Марсель Пруст - По направлению к Свану
«Только ненадолго, — он не очень-то любит, чтобы у меня сидели гости, когда ему хочется побыть со мной. Вы же не знаете его так, как я!» — и ею она благодарила Свана за проявление чуткости, что она особенно ценила, за совет, какой она в тяжелых для нее обстоятельствах считала возможным попросить только у него.
И тогда он мысленно спрашивал у этой, другой Одетты, как мог он написать ей такое оскорбительное письмо, на которое она, конечно, не считала его способным и которое свергнет его с той недосягаемой высоты, на какую она поставила Свана за его доброту и порядочность. Он будет ей уже не так дорог, потому что любила она его именно за эти качества, которых не находила ни у Форшвиля, ни у других мужчин. За эти его качества она и была с ним так часто мила, и хотя, когда его мучила ревность, он это ее отношение к нему в грош не ставил, потому что оно не было знаком желания и выражало скорее привязанность, чем любовь, все же он снова начинал ценить его, по мере того как подозрения рассеивались сами собой, нередко разгоняемые чтением книг по искусству или дружеской беседой, и его страсть становилась менее требовательной.
Теперь, когда Одетта, после этого сдвига, естественно принимала вновь то положение, из которого ее ненадолго вывела ревность Свана, и он получил возможность рассматривать ее под тем углом зрения, под каким она обретала в его глазах всю свою прелесть, она являлась его мысленному взору полной нежности, покорной и до того красивой, что он невольно протягивал губы, словно она была тут и он мог поцеловать ее; и он был бесконечно ей благодарен за ее чарующий и милый взгляд, точно она и правда на него смотрела, а не только в его воображении, которое придало ее лицу именно это выражение, чтобы утолить его страсть.
Как он ее, наверно, измучил! Конечно, ему было за что на нее сердиться, но этих причин было бы недостаточно, если б он любил ее не так горячо. Других женщин он люто ненавидел еще вчера, а сегодня с удовольствием оказал бы им услугу и не питал к ним злобных чувств, потому что разлюбил их. Если Одетта когда-нибудь тоже станет ему безразлична, то он поймет, что только из ревности мог находить что-то жестокое, непростительное в ее желании, таком, в сущности, естественном, в котором было, правда, что-то детское, но которое говорило и о щепетильности: ей нравилось изображать из себя хозяйку дома, а кроме того, хотелось, воспользовавшись случаем, отплатить Вердюренам за их гостеприимство.

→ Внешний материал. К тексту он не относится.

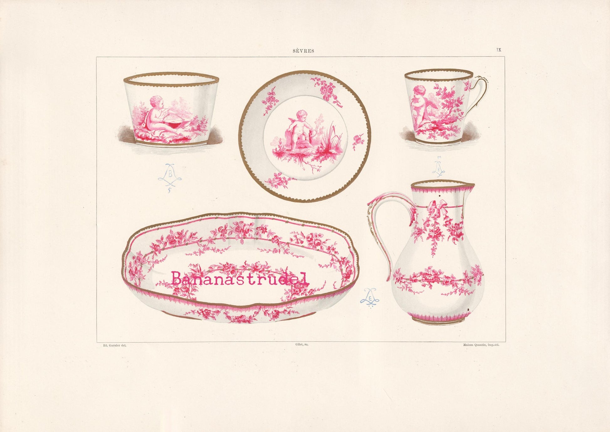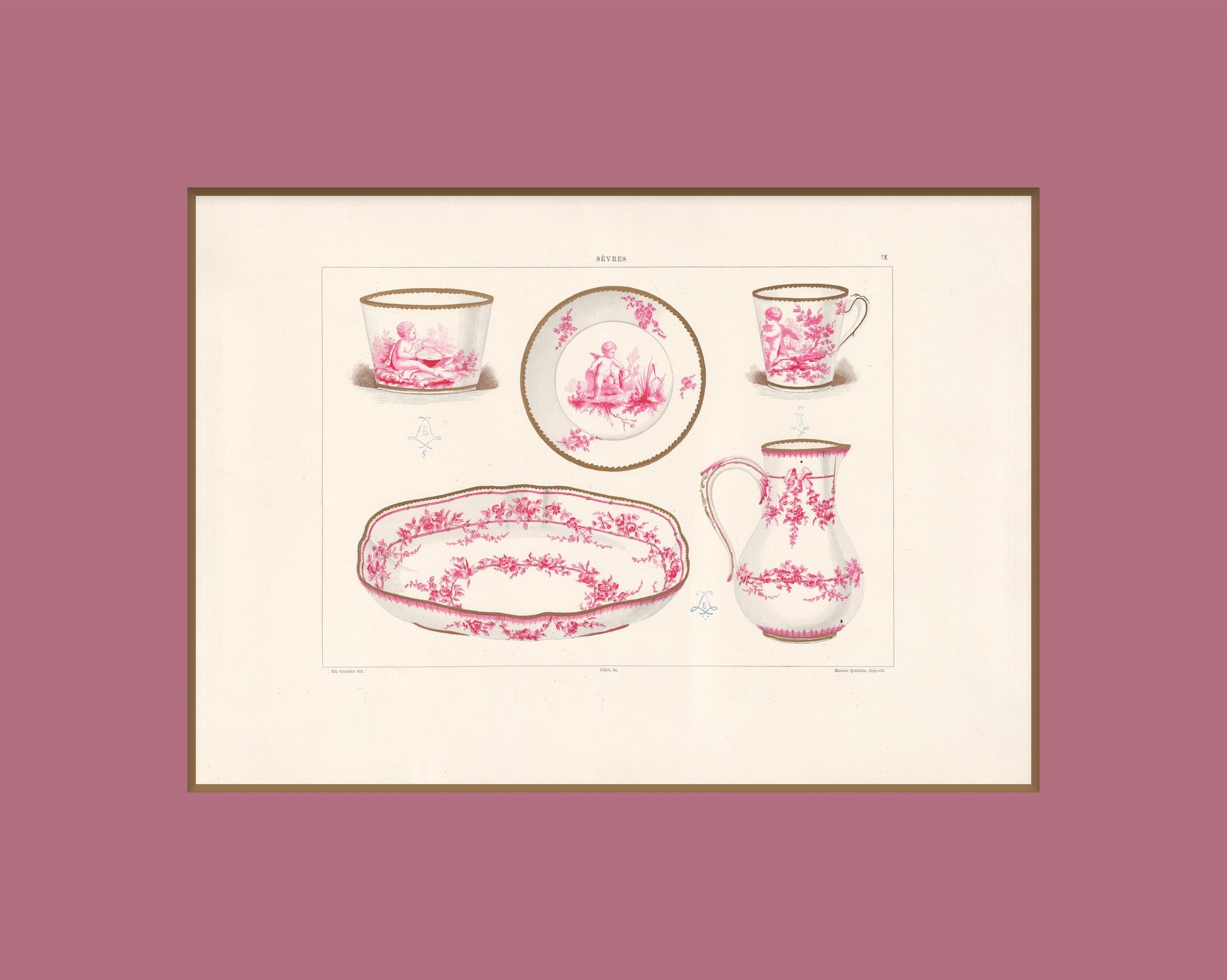 This rare large print comes from the book "La Porcelaine Tendre de Sèvres" ("The Soft Porcelain of Sevres"), which collected 50 chromolithographs of products of the famous Sévres porcelain factory, engraved by Parisian printer Maison Quantin (the name appears at the bottom right of the print). The chromolithographs were based on paintings by Edouard Garnier (whose name is shown at the bottom left of the print), French artist and curator of the Museum of Ceramics and Collections. These prints are rare, as less than 300 copies of the folio were produced.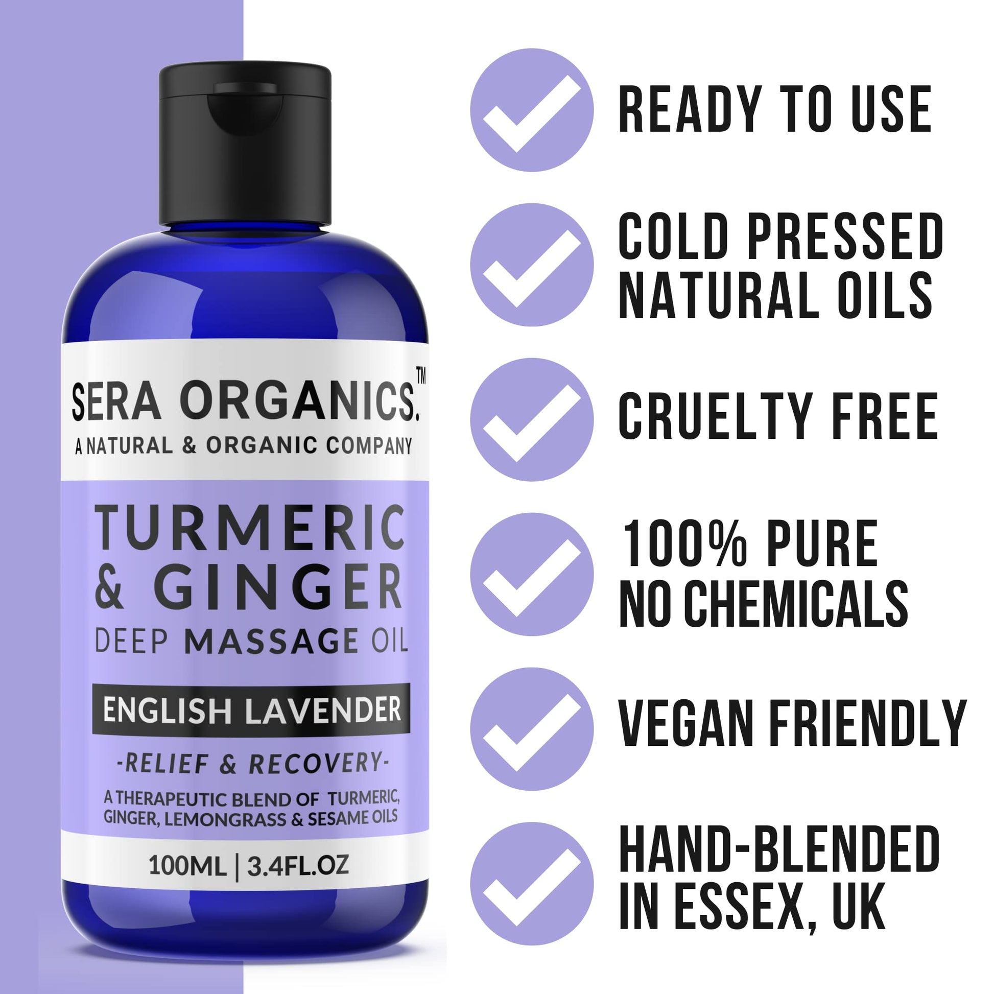 Turmeric & Ginger Massage Oil - Natural Ginger Oil Therapy For Lymphatic Drainage, Nerve, Muscle & Joint Discomfort Relief, Warming Relaxing & Soothing Massage - With Lavender (100ml) By Sera Organics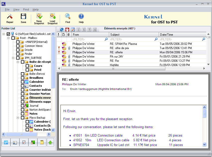 Open Outlook OST File - Version 12.06.01 When any Outlook user works in offline mode (noconnection between MS exchange server and MS Outlook)then the entire work get stored into the offlinestorage table (OST) files. Just after re-establishingthe connection between MS exchange server and outlook,your complete data working in offline mode getsynchronized with the PST files. Sometimes, the OSTfiles become orphaned when they find no connection withexchange server for a long time. They are also veryvulnerable to get damaged with any improper functioninglike sudden system shut down, malicious virus attack,software malfunctioning, network breakdown, hard diskfailure etc. In order to open Outlook OST files, youcan make use of the OST Integrity Check Tool called asscanost.exe tool which is an inbuilt and free toolprovided by Microsoft. This free tool can check andscan the OST files for synchronization issues but it iseffective only for minor OST issues. Kernel for OST to PST is advanced tool that can resolveany minor or severe issue of Outlook OST. This toolfacilitates you to import corrupt Offline storage table(OST) and recover it in just few minutes and finallysave them in PST file format. OST files usually getcorrupt due to restricted limitation of 2 GB and afterexceeding the 2 GB limit the data contained in it theyget damaged or become inaccessible. Kernel for OST toPST is the best tool to open Outlook OST file in theaccessible form. This software performs a complete scanof unreachable Offline storage table; displays all thefiles of OST in tree like structure so that you canrecognize your important email item with its preview.The utility finally recovers and save them at desiredlocation in the form of PST file which can be easilyaccessed with MS Outlook. For more information pleasevisit: www.openost.com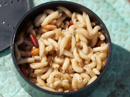 Macro maggots in a container, fish bait fishing
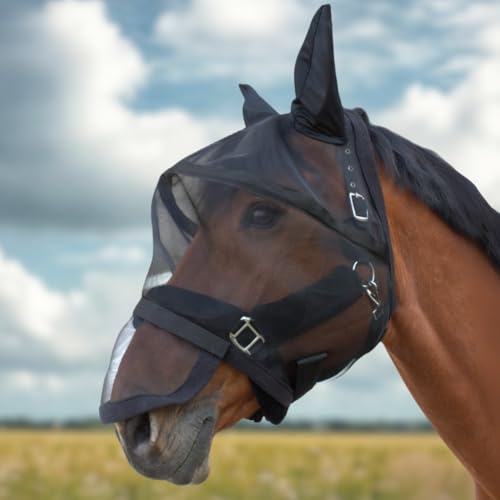 Erleben Sie die Freiheit und Entspannung, die eine Fliegenmaske bietet. Diese Maske ist ideal für sonnige Tage auf der Weide oder Paddock.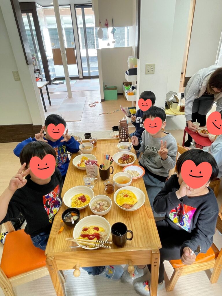1枚ずつ薄焼き卵を乗せてケチャップをかけるとみんなで「いただきま~す!!」いつもたくさん食べてくれてありがとう♪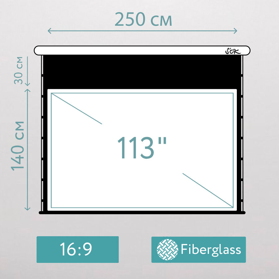 Экран для проектора SCPSMT-250x140FG-ED30 113 » 16:9 настенно-потолочный, моторизованный натяжением, белый: сравнение цен, характеристики, фото, актуальное наличие и цены.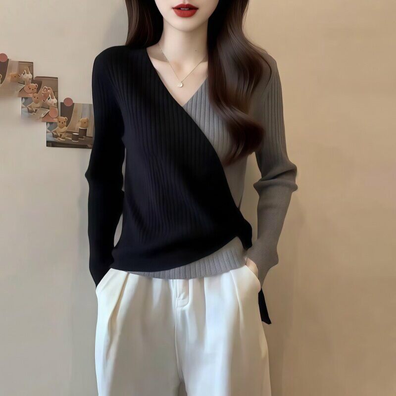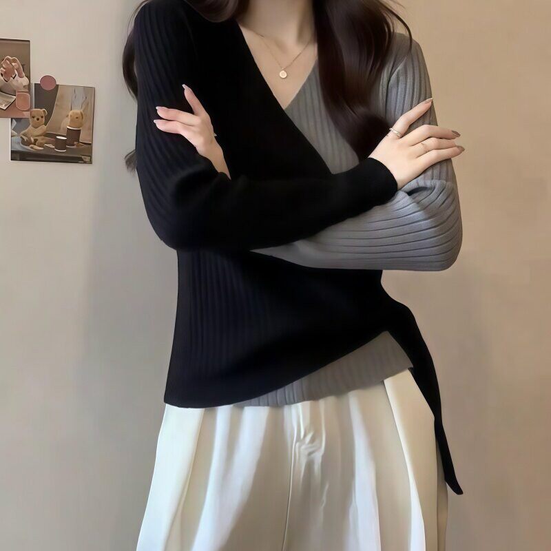 罗芬面料故事旗舰店女装秋冬气质洋气修身针织衫搭加厚直筒牛仔裤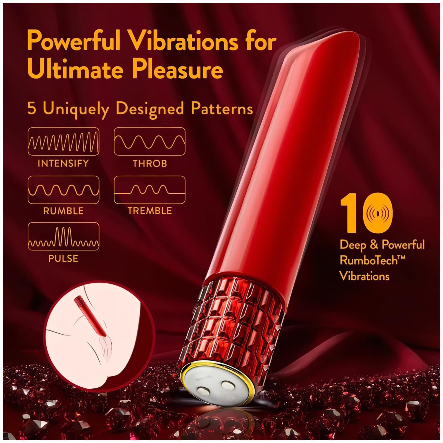 Oh My Gem Desire er ikke bare en luksuriøst utseende vibrator, men også en nytelsesforsterker som skjemmer bort med kraften fra RumboTech™ motor og 10 varierte vibrasjonsmoduser. Den kompakte størrelsen gjør at du kan ta den med deg overalt, og takket være vanntettheten kan du også nyte den i badeværelset. Oppvarmingsfunksjonen gir en enda mer intim opplevelse, mens kroppssikre materialer sørger for maksimal komfort og sikkerhet.

Он уже судил Одетту с иной точки зрения — не с точки зрения своей любви и ненависти, он стремился быть беспристрастным, стремился всесторонне рассмотреть поведение Одетты, он думал о ней так, как будто он ее не любит, как будто она значит для него не больше, чем все остальные женщины, как будто Одетта не ведет в его отсутствие совсем другой жизни и тайком не плетет нитей заговора, направленного против него.
Зачем непременно воображать, что она будет там предаваться с Форшвилем или с кем-нибудь еще упоительным наслаждениям, каких она не испытывала с ним и которые от начала до конца выдумала его ревность? Если бы Форшвиль стал думать о Сване где угодно: в Байрейте или в Париже, он думал бы о нем так же, как Сван думал о Форшвиле, то есть пришел бы к заключению, что Сван занимает большое место в жизни Одетты и что когда они встретятся у нее, ему придется уйти. Если Форшвиль и Одетта победят и все-таки туда поедут, то повинны будут в этом его. Свана, попытки им помешать — попытки, пусть даже безуспешные, — а вот если он одобрит ее затею, в которой, кстати сказать, есть и своя разумная сторона, то у нее сложится впечатление, что она поехала по его совету, у нее будет такое чувство, что это он ее туда послал и устроил, и за удовольствие принять у себя людей, которые столько раз принимали ее, она будет признательна Свану.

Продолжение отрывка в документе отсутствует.